Work instruction: Lines from the one containing "薄い茶色の輪のようなシミは典型的な雨漏りの症状です。" through the final line of the records below are needed, copied exactly, with no pictures.

Source records
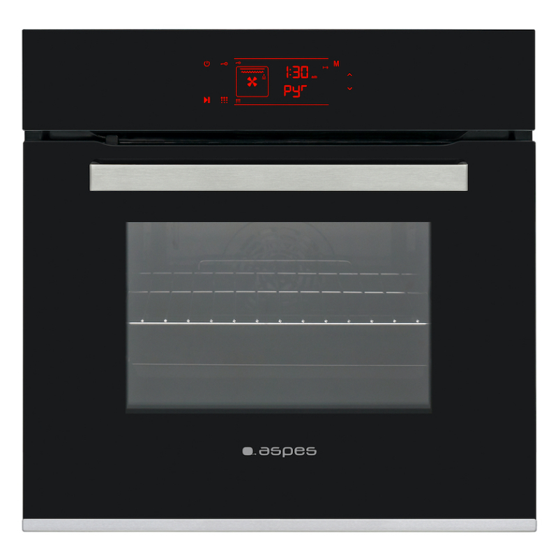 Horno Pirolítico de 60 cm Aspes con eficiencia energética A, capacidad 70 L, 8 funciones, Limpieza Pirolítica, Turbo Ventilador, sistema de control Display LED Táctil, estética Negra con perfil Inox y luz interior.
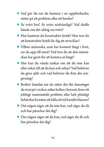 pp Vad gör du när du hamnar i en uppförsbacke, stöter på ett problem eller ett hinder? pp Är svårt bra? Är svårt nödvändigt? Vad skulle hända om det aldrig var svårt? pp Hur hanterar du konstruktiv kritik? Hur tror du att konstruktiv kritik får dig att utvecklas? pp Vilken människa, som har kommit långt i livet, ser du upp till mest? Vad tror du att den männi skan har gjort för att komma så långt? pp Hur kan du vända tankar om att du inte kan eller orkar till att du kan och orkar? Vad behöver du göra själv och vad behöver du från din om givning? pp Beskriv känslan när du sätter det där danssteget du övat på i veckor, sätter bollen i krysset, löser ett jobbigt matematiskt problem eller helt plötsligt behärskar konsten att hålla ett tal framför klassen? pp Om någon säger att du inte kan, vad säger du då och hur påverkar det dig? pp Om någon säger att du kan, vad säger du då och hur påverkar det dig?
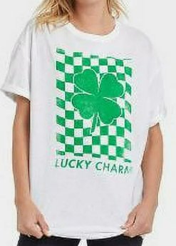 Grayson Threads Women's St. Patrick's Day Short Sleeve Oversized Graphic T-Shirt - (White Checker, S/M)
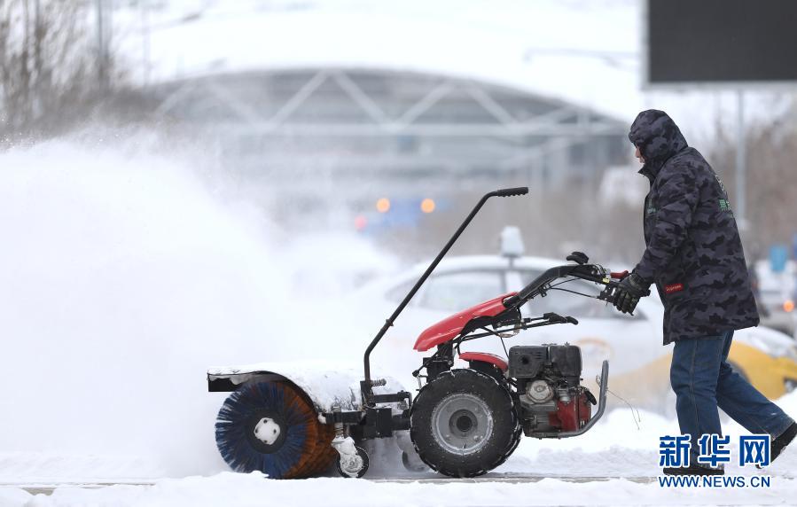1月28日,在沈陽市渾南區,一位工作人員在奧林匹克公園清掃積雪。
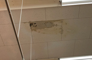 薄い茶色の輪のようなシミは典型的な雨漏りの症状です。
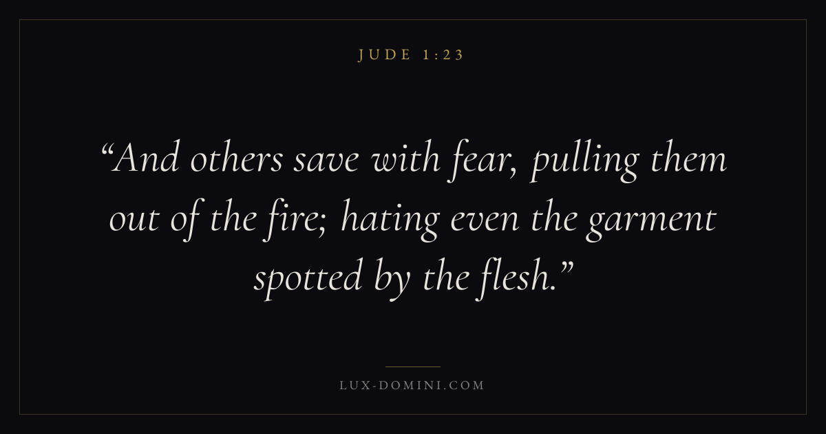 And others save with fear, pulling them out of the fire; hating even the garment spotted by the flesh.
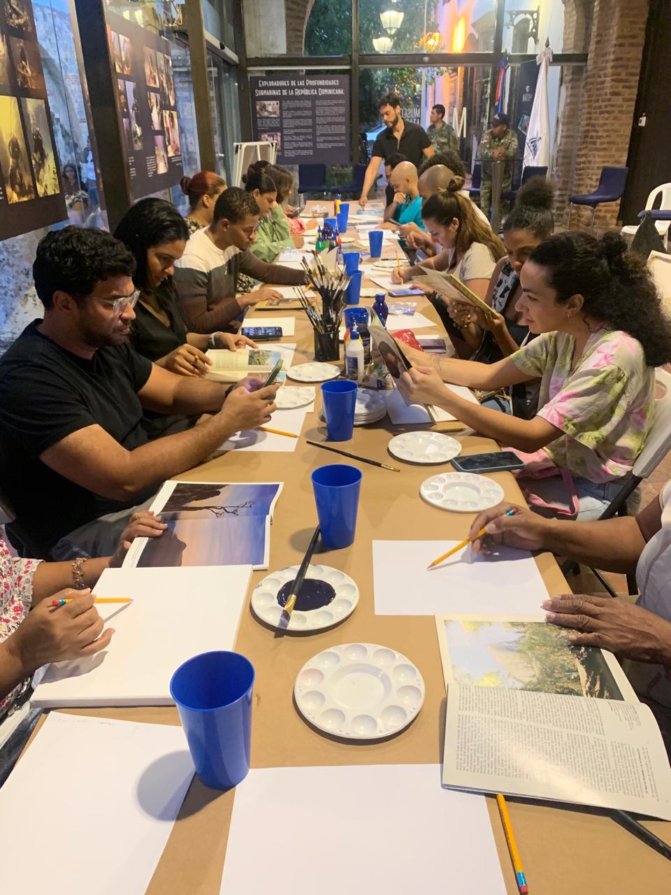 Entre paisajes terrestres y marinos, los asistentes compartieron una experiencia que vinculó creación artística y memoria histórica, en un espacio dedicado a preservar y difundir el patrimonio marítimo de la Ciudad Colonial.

Solution to this problem:
 薄い茶色の輪のようなシミは典型的な雨漏りの症状です。
 And others save with fear, pulling them out of the fire; hating even the garment spotted by the flesh.
 Entre paisajes terrestres y marinos, los asistentes compartieron una experiencia que vinculó creación artística y memoria histórica, en un espacio dedicado a preservar y difundir el patrimonio marítimo de la Ciudad Colonial.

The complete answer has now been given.